Industry, commerce and private enterprises were shut down, most for at least three weeks, others for longer and some permanently. The economic toll on the province, corporations, business and individuals is expected to add up to $9 billion – Canada’s most costly natural disaster to date.

Resilient entities that will come out with the least amount of damage following a major event will be those which not only have an emergency response plan in place, but ones with an implemented, up-to-date and tested business continuity plan. Successful organization are those that have established an integrated programs of emergency response, disaster recovery and business continuity to maintain a competitive advantage before, during and after a major event.

Six Fundamentals of Business Continuity Programs

From an internal auditor’s perspective, it is your role to confirm that the organization has the plans and structures in place and is adequately protected, relative to an overall risk management plan. This includes ensuring the continuity, emergency response, disaster recovery and crisis communications plans are all aligned with best practices and – more importantly – the organization’s culture and strategy. It is also essential that the plans and teams have been tested and practiced by the teams responsible for their execution.

There are six underlying principles internal auditors need to take into account when reviewing emergency management and business continuity programs.
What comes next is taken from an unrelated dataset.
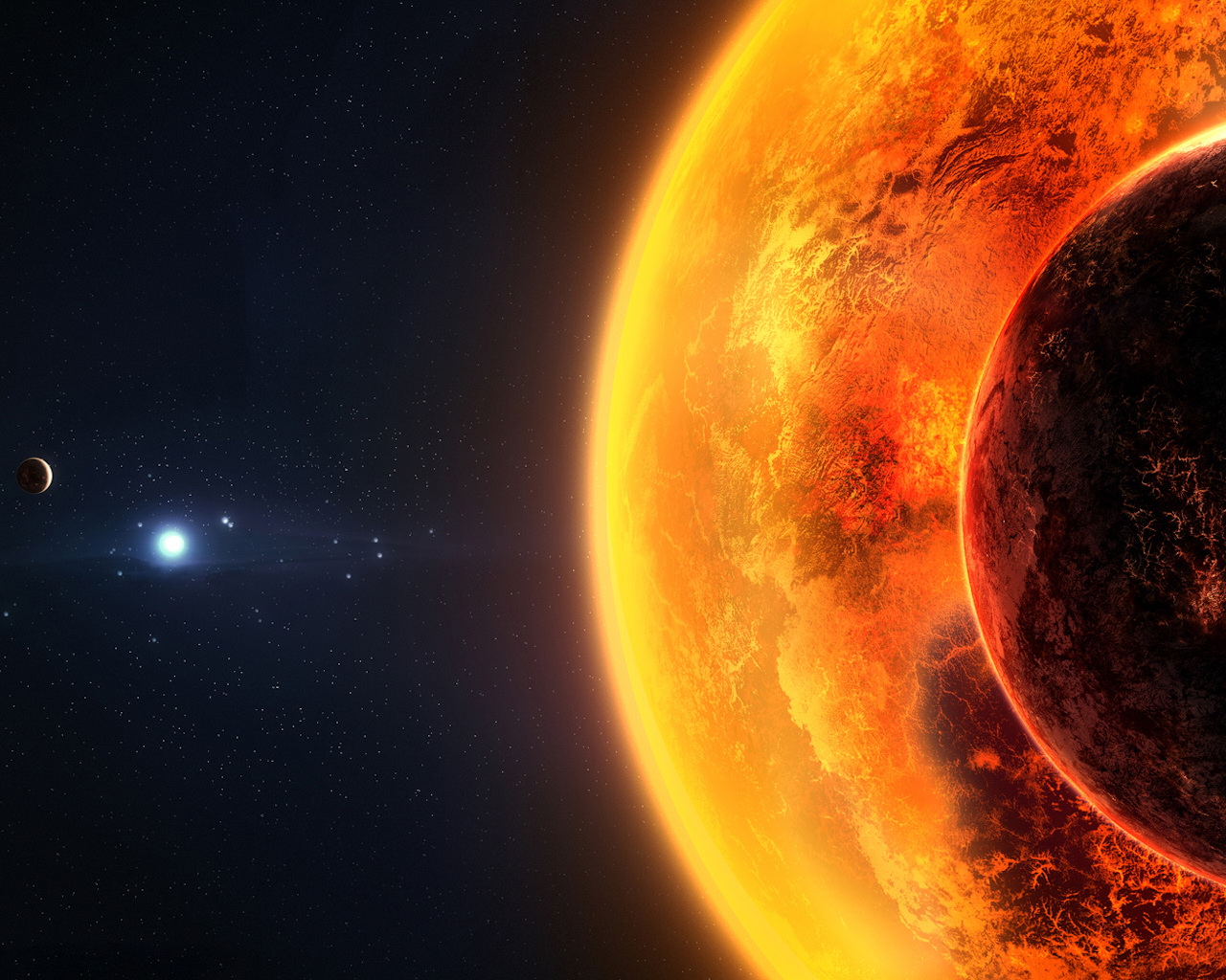 Похожие обои на Горящая планета и солнце:

  1. The program must be integrated and linked with governance, risk and control, performance improvement and / or other existing business programs.
  2. Key stakeholders in the response and recovery process have been identified, engaged and managed.
  3. The business continuity plan is only created after a comprehensive analysis and risk assessment is completed, one that enables fully understanding the business, from inside and out.
  4. Senior management requirementshave been identified and supported.
  5. The strategic aspects and value proposition of the plan (such as minimizing financial losses, protecting people and assets) are made clear and link to and support overall business objectives.
  6. Best practices have been customized and tailored to suit the structure, culture and budget of the organization.

Come Hell or High Water

When floodwaters from the Bow River engulfed the Calgary Stampede site and stadium in 2013, just weeks before its famous 10-day annual extravaganza, the organization sold tee shirts with the logo “Come Hell or High Water,” and put its emergency response and crisis management plans into action. The site was cleared, stadium events relocated or rescheduled and the show went on, on time. The key to the venerable organization’s success was not only the heroic efforts of all involved, and the fact that they had plans in place, but also that the plans were fully implemented, tested and kept up to date.
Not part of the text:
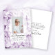 Mostre apreço aos seus convidados por lembrarem seu ente querido depois que eles passaram na Celebração do Life Memorial com o elegante Purple Hydrangea Flower Watercolor Simpatiy Flat Obrigado Nota Card. Este elegante obrigado personalizado de homenagem à morte florida que você apresenta uma fotografia floral pintada de cor d'água, pintada por uma pintura digital, de flores de hydrangea ligeiramente roxas, com um fundo branco. Personalize-o com uma fotografia do falecido, das datas de nascimento e morte e da sua mensagem pessoal no verso.

The Calgary Stampede trained the right people, tested it on an annual basis and built relationships with the people linked with the city and emergency services. They had the network in place and the trust built between the key players. Given the plans were updated and reviewed regularly, when the 2013 flood hit, they were as ready as they could be.  

The organization responded and implemented its plans, rather than just reacting, enabling the Calgary Stampede to carry on.

Custom vs Compliance-loaded

Darcy Atkinson, CPA, CMA, knows the value of a good business continuity plan. As the Chief Audit Executive for the Alberta School Employee Benefit Plan, Atkinson is in charge of ensuring the ASEBP’s 130 employees can meet the needs of 110,000 people covered within the plan, during good times and during events like the Fort McMurray fires.

After the Fort McMurray wildfires, he realized how customized, holistic, and organizational-wide a business resilience plan needed to be.

Internal auditors get a unique view of an organization because they have visibility into all of the different parts. They possess a valuable strategic perspective, while also being able to dive deeper into the moving parts of any business. They can check if there are silos and make sure the program not only complies with leading practice standards, but is also comprehensive and integrated. Which is what business resilience is all about at the strategic and operational level; all-inclusive and sized to fit the organization.

Many organizations have sound individual plans for their business units but lack synergy between them, sometimes resulting in disjointed and potentially ineffective programs. While the continuity, emergency response, disaster recovery and crisis communications plans often aren’t integrated and developed according to a consistent understanding of the recovery priorities of the business, more importantly there are often gaps between business resilience programs and strategic goals of the organisation.

As an auditor you are looking for the synergy between plans and the organization as a whole, and how they interconnect. The same holds with gaps between continuity program and strategic goals: if one of your goals is to be responsive and available, then from a business continuity perspective, you have to design your program to meet those goals.

Emerging Trends

Business continuity is being viewed from a more strategic perspective, becoming a value proposition rather than a cost centre. This is about maintaining a competitive advantage before, during and after a major event.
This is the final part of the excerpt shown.